» AIM OF THE TASK: Return all the lines below exactly. Any picture among them is omitted.

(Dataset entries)

[Start of section]

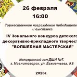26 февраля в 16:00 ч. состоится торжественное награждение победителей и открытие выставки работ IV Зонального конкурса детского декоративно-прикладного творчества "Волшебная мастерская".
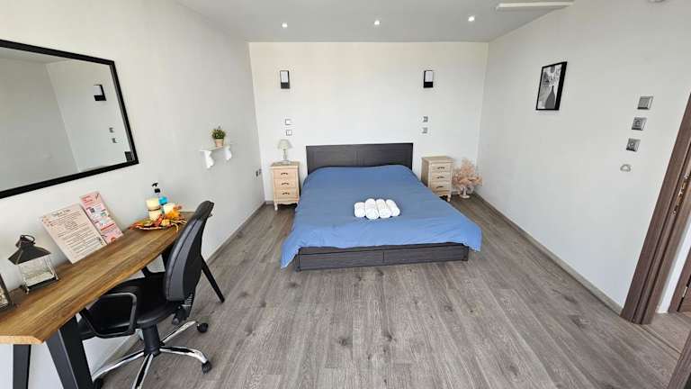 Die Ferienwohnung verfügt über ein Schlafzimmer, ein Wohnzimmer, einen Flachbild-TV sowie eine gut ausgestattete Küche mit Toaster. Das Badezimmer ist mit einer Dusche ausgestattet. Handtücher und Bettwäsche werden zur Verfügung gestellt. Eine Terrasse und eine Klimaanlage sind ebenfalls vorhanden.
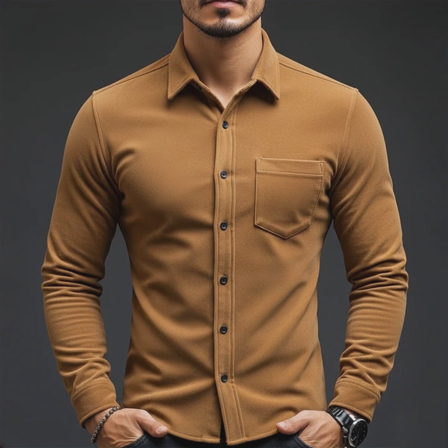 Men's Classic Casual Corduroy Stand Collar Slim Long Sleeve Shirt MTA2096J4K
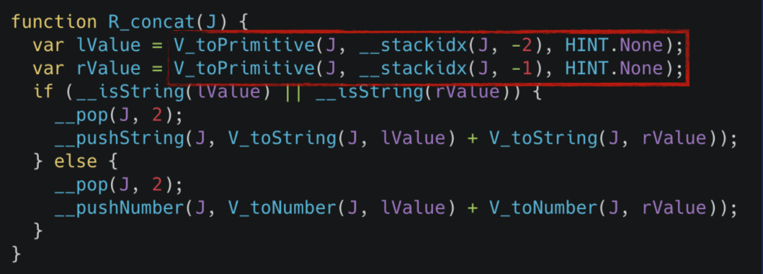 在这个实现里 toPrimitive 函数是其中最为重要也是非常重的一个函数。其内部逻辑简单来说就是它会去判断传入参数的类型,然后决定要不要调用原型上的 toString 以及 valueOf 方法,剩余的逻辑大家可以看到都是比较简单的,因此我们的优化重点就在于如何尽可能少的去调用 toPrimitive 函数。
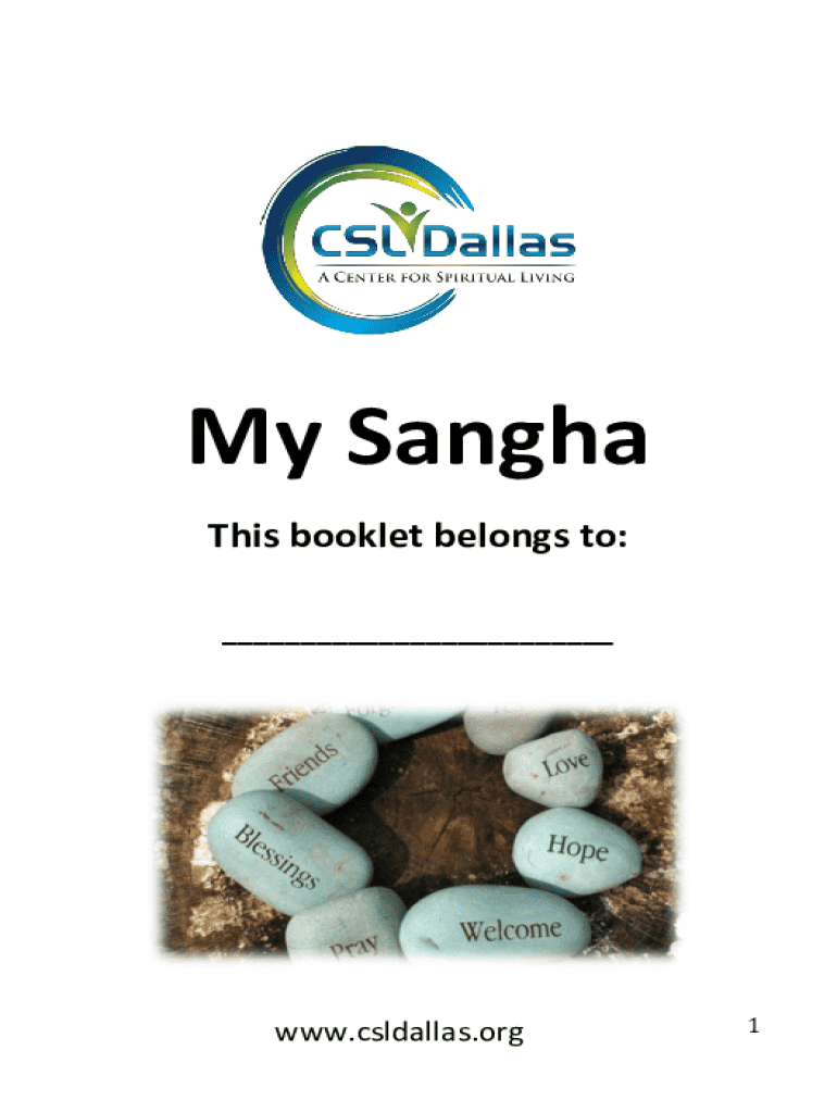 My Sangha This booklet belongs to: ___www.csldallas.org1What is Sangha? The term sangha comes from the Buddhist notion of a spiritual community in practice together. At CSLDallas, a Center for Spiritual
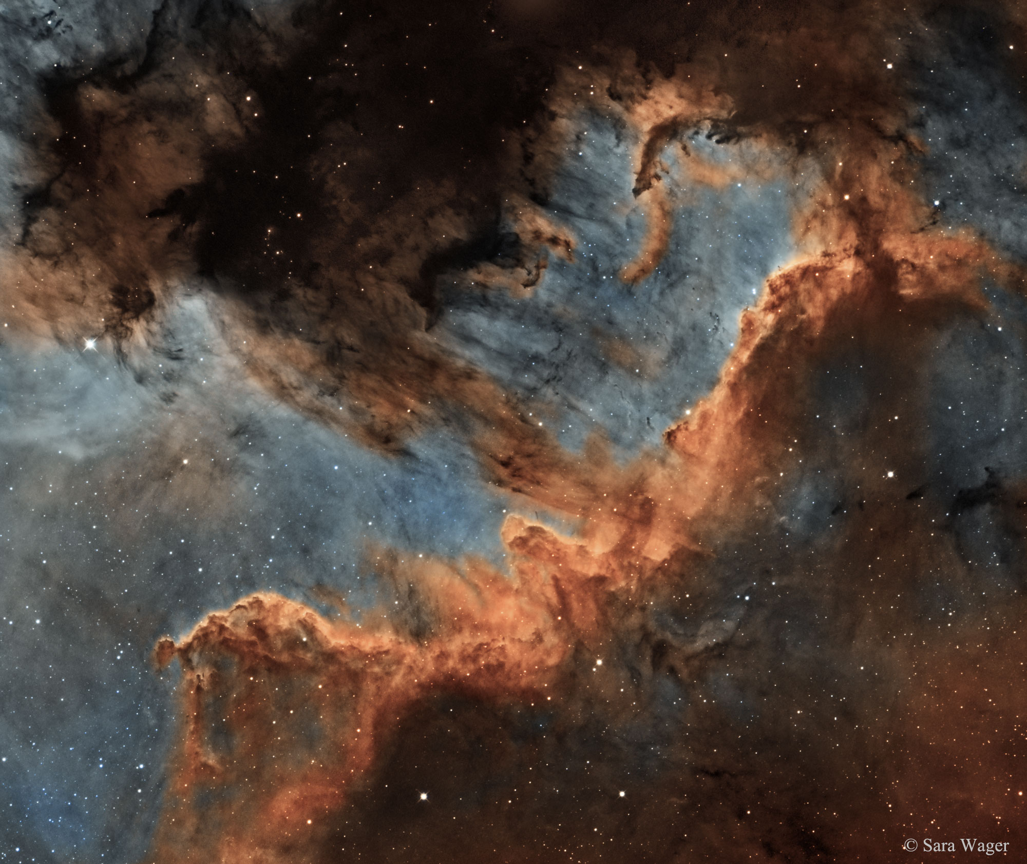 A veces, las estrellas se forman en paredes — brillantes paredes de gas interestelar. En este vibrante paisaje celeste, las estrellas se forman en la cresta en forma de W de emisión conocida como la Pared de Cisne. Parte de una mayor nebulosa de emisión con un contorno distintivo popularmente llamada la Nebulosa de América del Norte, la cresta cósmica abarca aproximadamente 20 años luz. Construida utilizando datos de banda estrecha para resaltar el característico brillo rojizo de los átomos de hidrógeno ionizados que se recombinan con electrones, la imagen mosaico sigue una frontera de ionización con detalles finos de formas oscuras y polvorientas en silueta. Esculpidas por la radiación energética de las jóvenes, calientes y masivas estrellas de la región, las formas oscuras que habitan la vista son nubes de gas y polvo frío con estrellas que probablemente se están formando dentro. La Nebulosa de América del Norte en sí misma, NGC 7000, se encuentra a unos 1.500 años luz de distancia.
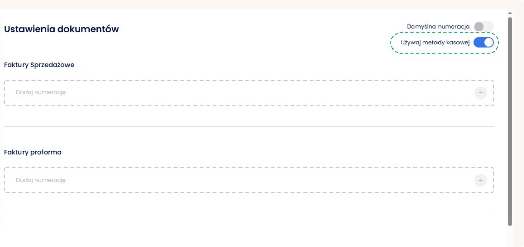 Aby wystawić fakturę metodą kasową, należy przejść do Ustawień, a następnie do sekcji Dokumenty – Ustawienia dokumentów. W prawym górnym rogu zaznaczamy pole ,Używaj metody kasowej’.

[End of section]

» WRITTEN SOLUTION:
26 февраля в 16:00 ч. состоится торжественное награждение победителей и открытие выставки работ IV Зонального конкурса детского декоративно-прикладного творчества "Волшебная мастерская".
 Die Ferienwohnung verfügt über ein Schlafzimmer, ein Wohnzimmer, einen Flachbild-TV sowie eine gut ausgestattete Küche mit Toaster. Das Badezimmer ist mit einer Dusche ausgestattet. Handtücher und Bettwäsche werden zur Verfügung gestellt. Eine Terrasse und eine Klimaanlage sind ebenfalls vorhanden.
 Men's Classic Casual Corduroy Stand Collar Slim Long Sleeve Shirt MTA2096J4K
 在这个实现里 toPrimitive 函数是其中最为重要也是非常重的一个函数。其内部逻辑简单来说就是它会去判断传入参数的类型,然后决定要不要调用原型上的 toString 以及 valueOf 方法,剩余的逻辑大家可以看到都是比较简单的,因此我们的优化重点就在于如何尽可能少的去调用 toPrimitive 函数。
 My Sangha This booklet belongs to: ___www.csldallas.org1What is Sangha? The term sangha comes from the Buddhist notion of a spiritual community in practice together. At CSLDallas, a Center for Spiritual
 A veces, las estrellas se forman en paredes — brillantes paredes de gas interestelar. En este vibrante paisaje celeste, las estrellas se forman en la cresta en forma de W de emisión conocida como la Pared de Cisne. Parte de una mayor nebulosa de emisión con un contorno distintivo popularmente llamada la Nebulosa de América del Norte, la cresta cósmica abarca aproximadamente 20 años luz. Construida utilizando datos de banda estrecha para resaltar el característico brillo rojizo de los átomos de hidrógeno ionizados que se recombinan con electrones, la imagen mosaico sigue una frontera de ionización con detalles finos de formas oscuras y polvorientas en silueta. Esculpidas por la radiación energética de las jóvenes, calientes y masivas estrellas de la región, las formas oscuras que habitan la vista son nubes de gas y polvo frío con estrellas que probablemente se están formando dentro. La Nebulosa de América del Norte en sí misma, NGC 7000, se encuentra a unos 1.500 años luz de distancia.
 Aby wystawić fakturę metodą kasową, należy przejść do Ustawień, a następnie do sekcji Dokumenty – Ustawienia dokumentów. W prawym górnym rogu zaznaczamy pole ,Używaj metody kasowej’.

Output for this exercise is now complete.